On Mon, May 12, 2025 at 1:48 PM Joaquin M López Muñoz via Boost < boost@lists.boost.org> wrote:
El 12/05/2025 a las 12:06, Ivan Matek escribió: You're right. We'd have to ask the author, but I guess the "| 1" in "hash_mult = uniform_dist(rnd) | 1" is there to avoid the (very unlikely) case hash_mult = 0. In any case, this small adjustment doesn't change the big picture
I think reason people pick odd number is because if your multiplier is power of 2 last bits are guaranteed to be 0. Not sure that matters a lot here since we only use few top bits. https://probablydance.com/2018/06/16/fibonacci-hashing-the-optimization-that... * the number 11400714819323198486 is closer but we don’t want multiples of two because that would throw away one bit)*
statistically --the output distribution is largely dominated by C/B, where C is the multiplier and B is 2^(64-m), so the least significant bit of C is mostly swallowed along the way.
This case of 231 type_ids scattered in a range of 3000 positions is lower-bounded by (has better chances than) the baseline case with 3000 adjacent positions, which has a probability 0.14 of finding a perfect hash multiplier for 4096 buckets.

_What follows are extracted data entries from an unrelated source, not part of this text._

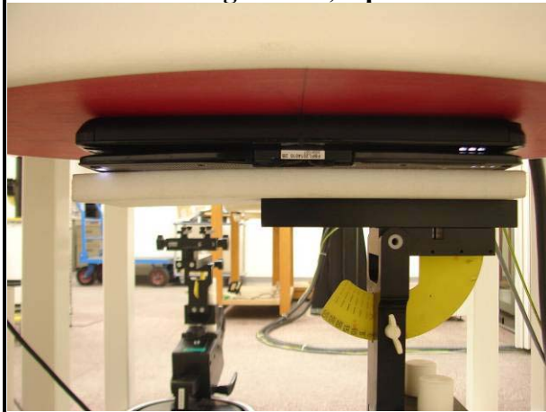
Tablet configuration, lap-held
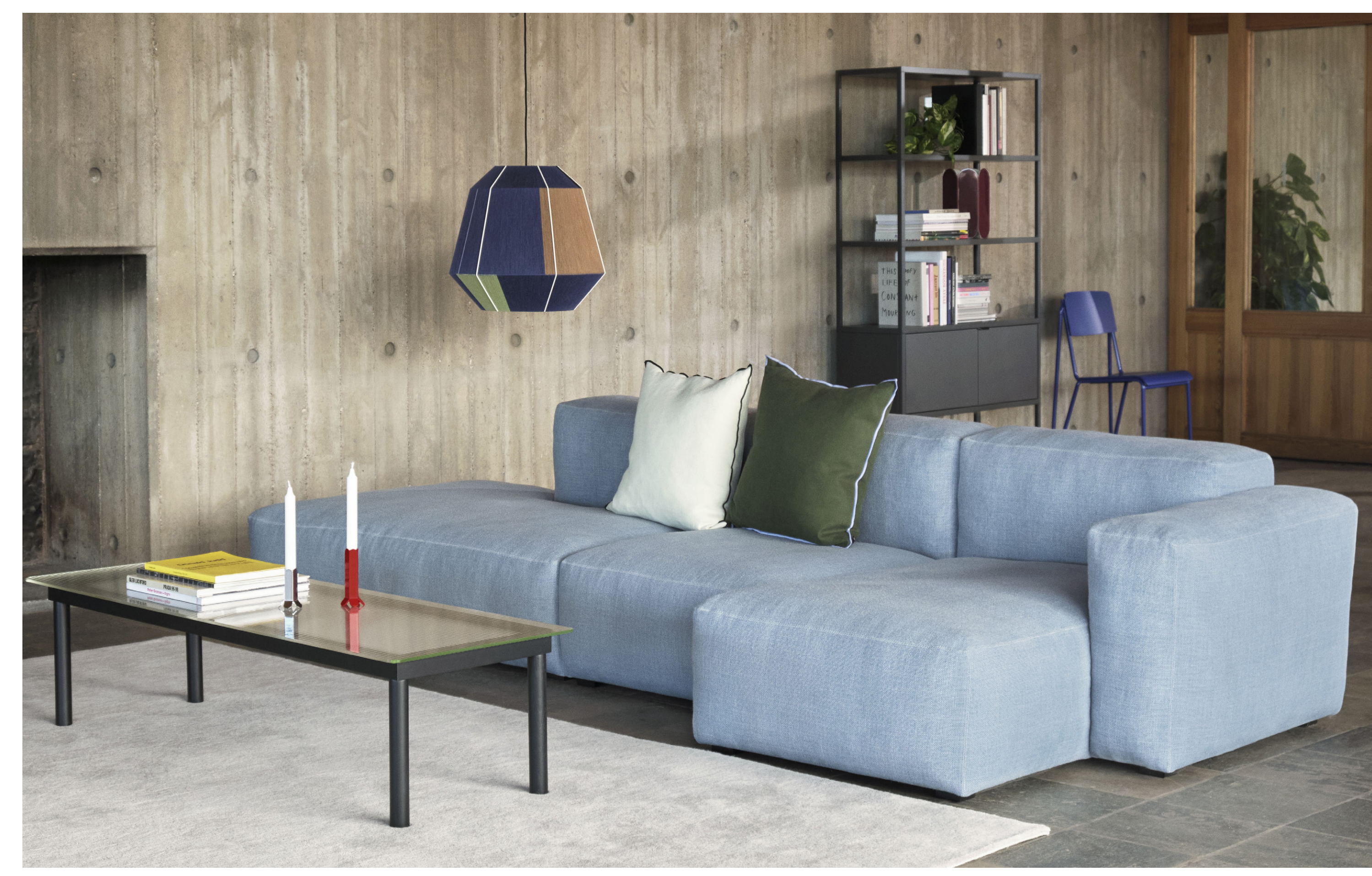
Linen Grid Blue
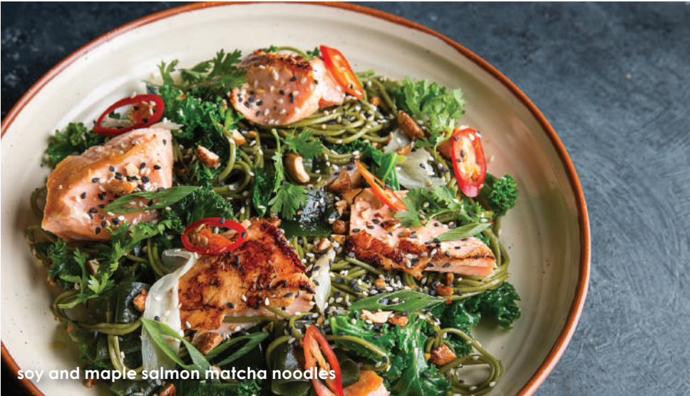
soy and maple salmon matcha noodles
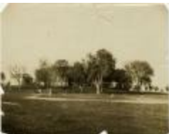
Athletic field prior to 1906 (MS 0061-22-04-002)
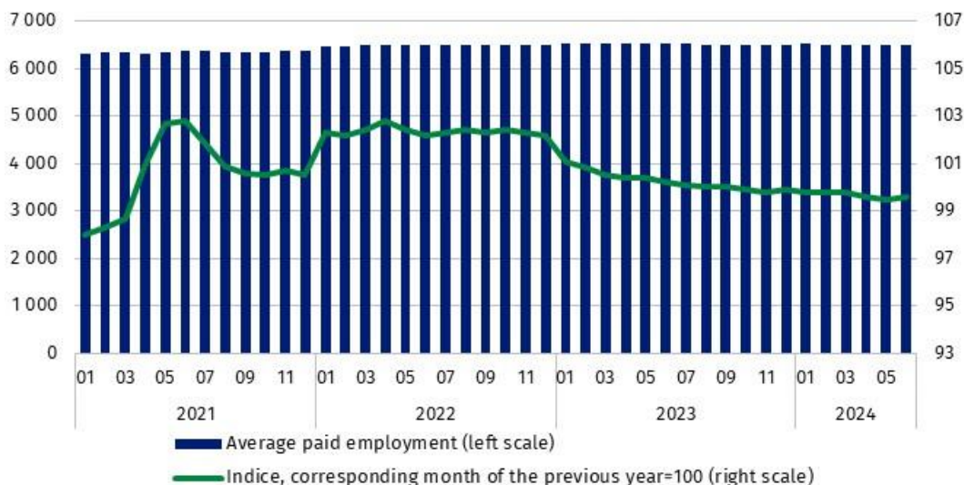
Chart 1. Average paid employment in the enterprise sector

In June 2024, the average monthly gross wage and salary in the enterprise sector increased nominally by 1.8% compared with May 2024. This increase was due to the payment of i.a. bonuses, awards and overtime pays (which, in addition to base salaries, are also included among the components of wages and salaries 2 ).
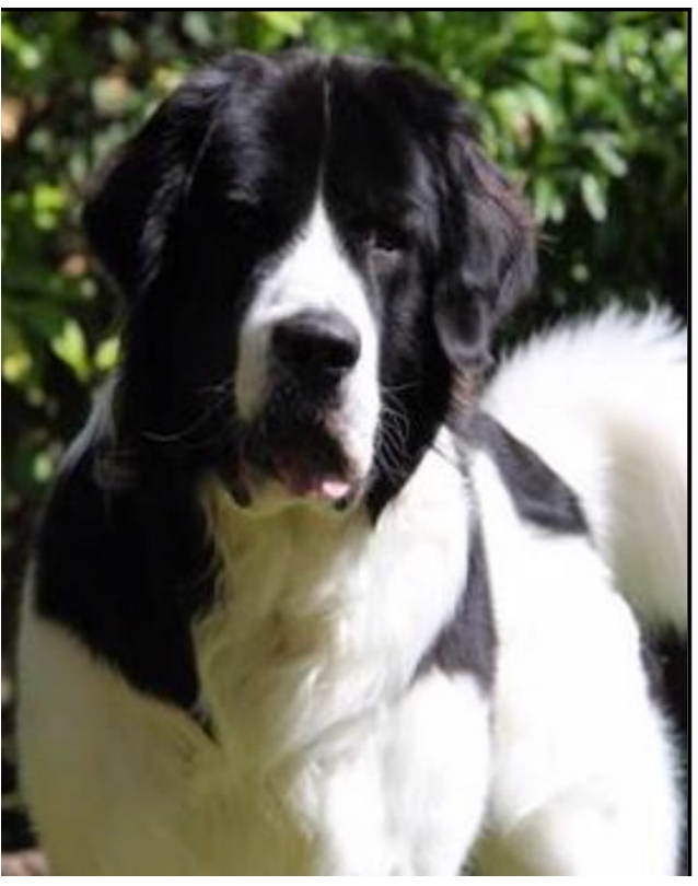
(Male) Vitus von set Burg Wettin (Maverick) from Germany, lives in California Litters I, L& O - 24 puppies (frozen insemination)

Note that a "hard" case would involve having your type_ids distributed across the entire 64-bit space of possible numerical values, and in the example you wrote the values are confined to a range that is around 10^14 times smaller than 2^64
Thank you for explanation. For me it is interesting even if they are not consecutive, but bounded within "small"( compared to 64bit range) interval perfect hashing still works great. That was surprising to me, but I guess even noneven distribution among small range of values can be nicely hashed. To think a bit more broadly, not just in terms of openmethods... this is quite interesting to me, e.g. does that mean that randomly picked short(16bit) numbers can be hashed much better(assuming "proper" 64 bit hash, even though that is not what many STL implementations do, i.e. they use identity <https://godbolt.org/z/bYYT3M5j1>) than same number of randomly picked int(32 bit) numbers... What about randomly picked int vs randomly picked positive int(not unsigned int, but int whose value is positive)...